Tull ran limping down the road to Fava, and together they hurried to Chaa’s house.

Chaa’s spacious home had a front of red stone, but much of it was merely a cave, excavated into the back of a hill. Well-tanned mammoth hides served as summer doors.

Tull stumbled into the darkness. He was familiar with every twist in the tunnels of the house, but the darkness forced him to halt while his eyes adjusted to the shadows.

Fava pushed him down a winding hallway, guiding him through the dark tunnel as if he were a stranger, her hands almost caressing, in the manner of the Pwi. They soon reached Chaa’s “spell room.”

The room was made of crude walls hewn into the sandstone. Shelves along one wall held dozens of earthen jars filled with ointments and healing oils, while bundles of herbs hung from the ceiling—garlic and lavender, pennyroyal and dried seaweed. Their smell was overwhelming, mixed as it was with the pungent odor of Chaa’s sweat.

He lay on the floor, on the striped hide of a smilodon. He was nearly naked, wearing only a black loincloth and a light-gray vest painted with crows and mice. His legs poked out from under his clothes like oblong brown sticks, and his wife, Zhopila, bent over him, trying to spoon broth down his throat. The room was cool and moist, yet Chaa glistened with sweat.

His yellow hair was chopped off short, and his yellow eyes glittered under his deep brows. As soon as Tull saw Chaa, he knew something was wrong. The Pwi call themselves the “smiling people,” for they are nearly always happy by nature, but Chaa's face was drawn tight with pain and horror.

He looked up at Tull, as if relieved, and then ordered the women, “Leave us, please. Leave us alone. Go outside, far away.”

The women looked at one another, as if unsure what he meant. The Pwi seldom kept secrets from each other, and his request baffled them.

“Please,” Chaa begged, and the women hurried from the house, ran out into the sunlight, far away.

Tull took a seat, cross-legged on the floor, and Chaa stared at him from beneath heavy brows, eyes glittering. Chaa was young for a Spirit Walker, only thirty-five, but his magic had aged him. He was also a very kind man, good to his seven children.

Chaa tried to smile, but his face twisted into a painful mimic of a smile. “Help me sit,” he said. Tull grabbed Chaa’s elbows and pulled him up, leaning him against a pillow.
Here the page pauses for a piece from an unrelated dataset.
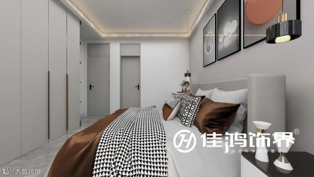 主卧整体营造一种自然优雅又富有气质的极简设计,高级棕色与灰白色调的融合,赋予空间无限的想象。

“Are you ill?” Tull asked.

“Just very weak,” Chaa apologized. “My teacher taught me that ‘A five-day fast is the beginning of power.’ So I starve myself for five days before I take my Spirit Walk, and I drink very little water. It focuses the mind, and brings me close enough to death so I can leave my body, and then walk the paths of the future. Because of this, people think I am something!” He spat the words as if they were bitter herbs from the ceiling above. “But as you shall see, I am nothing! I walk the paths of the future, but the paths branch at every step. I try to guide the Pwi, but how do you guide them when all the paths twist the wrong way? My master always said, ‘Once you take a Spirit Walk, you can never go home.’ Your perceptions are opened, and you see things in a different way. Never has this been more true than tonight.”

Chaa’s chest heaved. He suddenly grew sober, sweat streaming from his face as if the exertion caused him great pain, and said: “In eleven days Scandal the Gourmet will leave to catch his serpents. Go with him. If he is to succeed, you must capture the serpents. Only you. You must take Ayuvah and Little Chaa with you to build the road.”
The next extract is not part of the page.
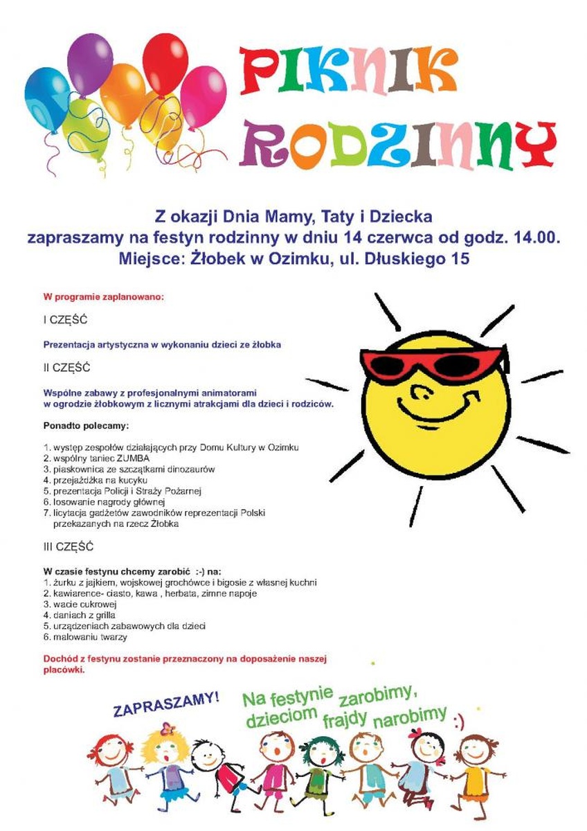 Z okazji Dnia Mamy, Taty i Dziecka zapraszamy na festyn rodzinny w dniu 14 czerwca od godz. 14.00. Miejsce: Żłobek w Ozimku, ul. Dłuskiego 15.

Tull watched him for a long moment. Catching the serpents did not seem like a big job. It would be like catching guppies in an earthenware jar—except that these guppies were ten feet long with teeth of steel. Still, it seemed that others should be able to help.

Yet one never questioned a Spirit Walker. To do so only angered them. If they answered at all, their answers, half-truths and metaphors, tended to displease.
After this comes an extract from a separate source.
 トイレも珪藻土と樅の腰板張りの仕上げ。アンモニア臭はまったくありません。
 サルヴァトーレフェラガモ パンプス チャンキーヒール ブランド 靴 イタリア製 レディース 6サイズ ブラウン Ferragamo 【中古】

“Scandal leaves in a week,” Tull said. “You’ve been gone longer than you realize.”

Chaa waved his hand in dismissal. “He plans to leave in a week. He will not leave for eleven days.”

“Are you certain we need to make this journey?” Tull asked.

“I sent my spirit on its walk, and I flew through the ocean, beneath the water, and peered into the greatest depths, searching. There are no serpents in the oceans to the east or south. Deep in the water, a few serpents linger, but the old ones are dying from a plague. Only in the north are there any serpents. I traveled to next summer and saw great lizards swim from Hotland—long-legged running lizards with feet webbed like those of a duck and teeth like those—” he pointed across the room to a small wooden table. A decorative dagger sat on its surface, carved from a six-inch carnosaur tooth; evolution had allowed the creature to grow a tooth that was serrated on the inside for cutting flesh.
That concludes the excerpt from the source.